When I went back into the manuscript, I was one hundred percent committed to balls-to-the-walling it—and was surprised that there were really only three scenes that I markedly changed. Two were with Butch and V, with the newer content beginning on pages 209 and 369 respectively, and then I added the scene with V in the war camp that starts on page 287.
The rest of the alterations or additions were relatively minor, but changed the tone of the Butch/V interactions entirely—proving that a little goes a long way. Take, for example, the opening pages of chapter thirteen (p. 135). Butch and V are in bed together, and V is healing Butch after the cop did his business with a lesser. If you read through the second, third, fourth, and fifth paragraphs of my first draft, you'll note that V is admitting to himself he needs soothing in the form of another warm body next to his. It's not Butch's body specifically, however, and there is no mention of anything sexual. It's purely a comfort thing:
. . . With the visit from his mother and the shooting, he craved the closeness of another, needed to feel arms that returned his embrace. He had to have the beat of a heart against his own.

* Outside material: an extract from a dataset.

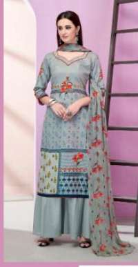
S - 203

He spent so much time keeping his hand away from others, keeping himself apart from others. To let down his guard with the one person he truly trusted made his eyes sting.
—LOVER UNBOUND, p. 135
What I added in the second draft were these two paragraphs:
As Butch stretched out on Vishous's bed, V was ashamed to admit it, but he'd spent a lot of days wondering what this would be like. Feel like. Smell like. Now that it was reality, he was glad he had to concentrate on healing Butch. Otherwise he had a feeling it would be too intense and he'd have to pull away. [p. 135]
 
Butch shifted, his legs brushing against V's through the blankets. With a stab of guilt, V recalled the times he'd imagined himself with Butch, imagined the two of them lying as they were now, imagined them . . . well, healing wasn't the half of it. [p. 136]
Much more honest about what was really going on. Much better. Could have gone even farther, but it was enough—so much so that it required me to add the few sentences that followed, to clarify for the reader that Jane was the object of V's desire now.